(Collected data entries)
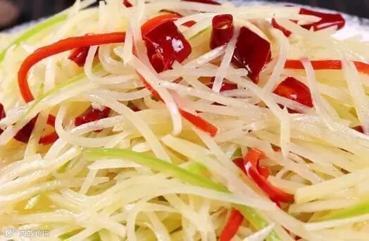 1。将土豆削皮,切细丝,泡在水中洗去淀粉,既能避免其变黑,又能使其在炒烧时保持白嫩、爽脆。炒前捞出,沥干水分。
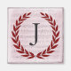 Une délicate couronne de laurier est posée sur une douce feuille vintage rose arrière - plan dans le style romantique classique. Ce design est personnalisé avec le monogramme "J" dans un ton gris fusain.
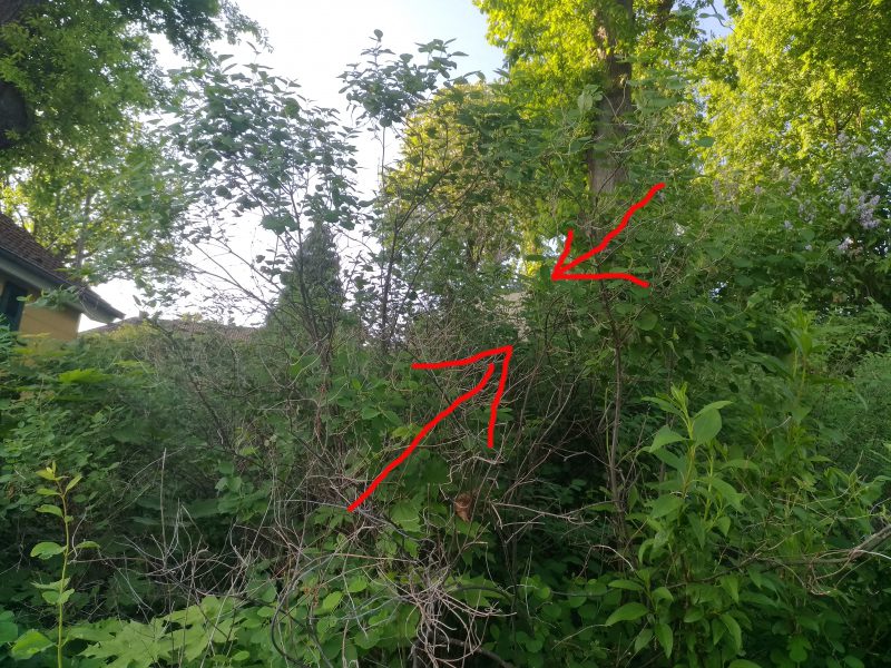 Auf dem zugewachsenen Schild steht tatsächlich „Kein Durchgang“ (am Schlachtensee).
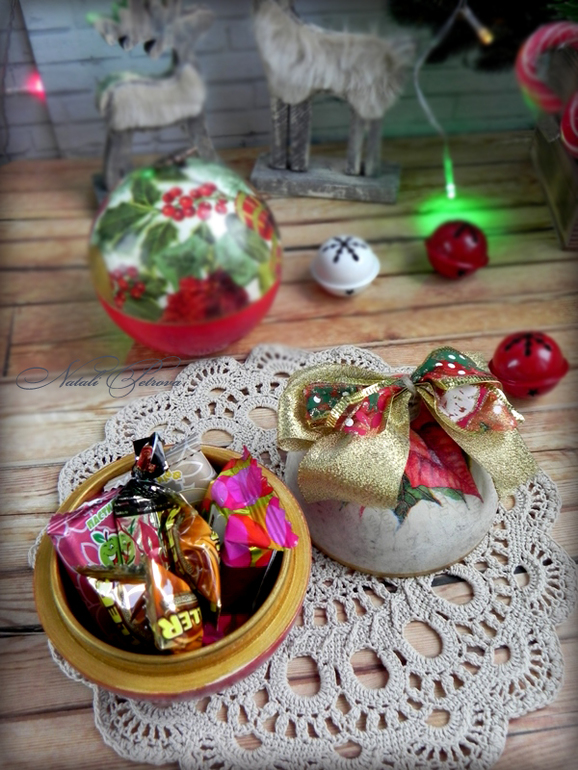 3. Шкатулка шар с сюрпризом. D 10см. Внутрь можно положить сладости, можно записки с пожеланиями...
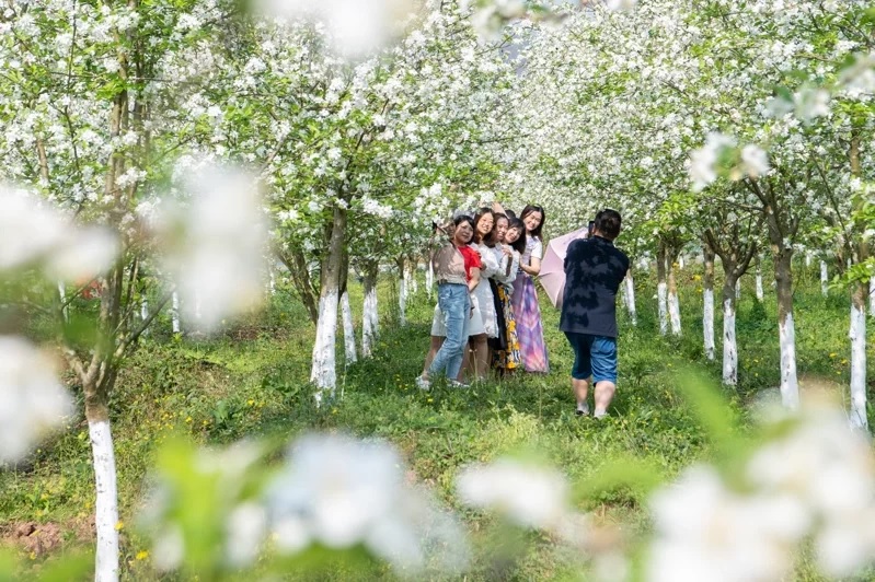 春天百花盛開,遊客在重慶市大足區棠香街道的海棠園內拍照。
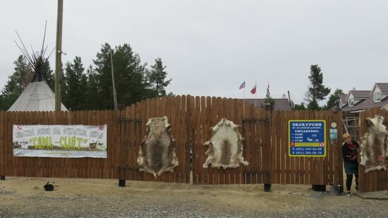 weisen darauf hin, dass in dem Dorf mit 2.000 Ew., etwa die Hälfte davon Samen sein sollen. Der Rest des Ortes wirkt auf uns eher heruntergekommen, verfallen. An einer Nebenstrasse nach Murmansk das mit riesigen Tafeln am Strassenrand heftig beworbene Sami Tourist Village, ein paar Gebäude hinter einem verschlossenen Bretterzaun, wir dürfen warum auch immer die Anlage nur von aussen fotografieren,

- _YOUR TASK_: The complete set of records should be written out again, pictures excluded.

- _TASK OUTPUT_:
 1。将土豆削皮,切细丝,泡在水中洗去淀粉,既能避免其变黑,又能使其在炒烧时保持白嫩、爽脆。炒前捞出,沥干水分。
 Une délicate couronne de laurier est posée sur une douce feuille vintage rose arrière - plan dans le style romantique classique. Ce design est personnalisé avec le monogramme "J" dans un ton gris fusain.
 Auf dem zugewachsenen Schild steht tatsächlich „Kein Durchgang“ (am Schlachtensee).
 3. Шкатулка шар с сюрпризом. D 10см. Внутрь можно положить сладости, можно записки с пожеланиями...
 春天百花盛開,遊客在重慶市大足區棠香街道的海棠園內拍照。
 weisen darauf hin, dass in dem Dorf mit 2.000 Ew., etwa die Hälfte davon Samen sein sollen. Der Rest des Ortes wirkt auf uns eher heruntergekommen, verfallen. An einer Nebenstrasse nach Murmansk das mit riesigen Tafeln am Strassenrand heftig beworbene Sami Tourist Village, ein paar Gebäude hinter einem verschlossenen Bretterzaun, wir dürfen warum auch immer die Anlage nur von aussen fotografieren,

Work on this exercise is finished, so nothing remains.